> _Raw data_
┄┄┄┄┄┄┄┄┄┄
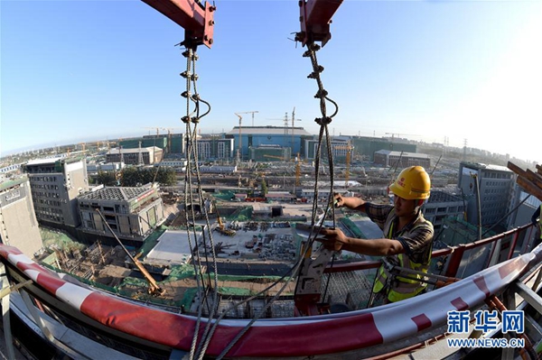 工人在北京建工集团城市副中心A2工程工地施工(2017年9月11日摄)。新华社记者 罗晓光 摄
┄┄┄┄┄┄┄┄┄┄
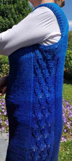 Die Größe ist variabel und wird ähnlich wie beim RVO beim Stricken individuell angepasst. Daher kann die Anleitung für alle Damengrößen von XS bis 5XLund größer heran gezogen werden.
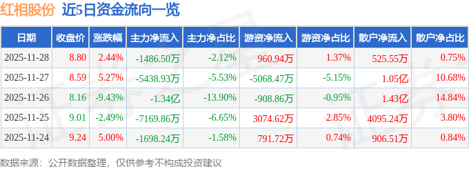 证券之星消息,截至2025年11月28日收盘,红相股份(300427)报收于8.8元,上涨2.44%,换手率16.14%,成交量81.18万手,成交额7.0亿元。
┄┄┄┄┄┄┄┄┄┄
> _Task_
Quote the data above exactly from the line with "Die Größe ist" to the line with "证券之星消息,截至2025年", both ends counted, and nothing else. Pictures don't go in.

> _Answer to this task_
 Die Größe ist variabel und wird ähnlich wie beim RVO beim Stricken individuell angepasst. Daher kann die Anleitung für alle Damengrößen von XS bis 5XLund größer heran gezogen werden.
 证券之星消息,截至2025年11月28日收盘,红相股份(300427)报收于8.8元,上涨2.44%,换手率16.14%,成交量81.18万手,成交额7.0亿元。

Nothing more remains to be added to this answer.